His dust rests in a country churchyard, the grave marked by a simple slab. A gnarled, old yew-tree stands guard above the grass-grown mound. The nearest railroad is fifteen miles away.
As a poet, Wordsworth stands in the front rank of the second class. Shelley, Browning, Mrs. Browning, Tennyson, far surpass him; and the sweet singer of Michigan, even in uninspired moments, never "threw off" anything worse than this:
"And he is lean and he is sick:
His body, dwindled and awry,
Rests upon ankles swollen and thick;
His legs are thin and dry.
One prop he has, and only one,
His wife, an aged woman,
Lives with him near the waterfall,
Upon the village common."
Jove may nod, but when he makes a move it counts.
Yet the influence of Wordsworth upon the thought and feeling of the world has been very great.

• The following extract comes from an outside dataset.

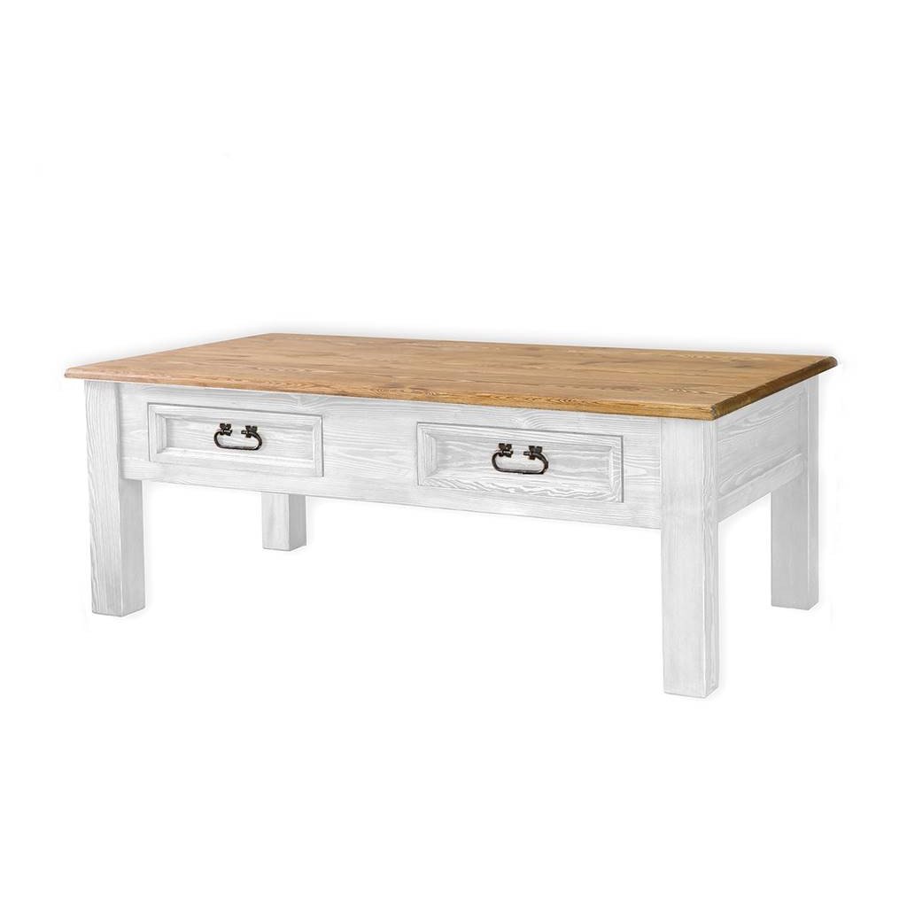 Rustikální konferenční stolek WHITE HOME MES 07 je vyroben z borovicového masivního dřeva a ošetřen voskem v bílé či v dvoubarevné kombinaci, dle Vašeho přání.

He himself said, "The young will read my poems and be better for their truth." Many of his lines pass as current coin: "The child is father of the man," "The light that never was on land nor sea," "Not too bright and good for human nature's daily food," "Thoughts that do lie too deep for tears," "The mighty stream of tendency," and many others. "Plain living and high thinking" is generally given to Emerson, but he discovered it in Wordsworth, and recognizing it as his own he took it. In a certain book of quotations, "The still sad music of humanity" is given to Shakespeare; but to equalize matters we sometimes attribute to Wordsworth "The Old Oaken Bucket."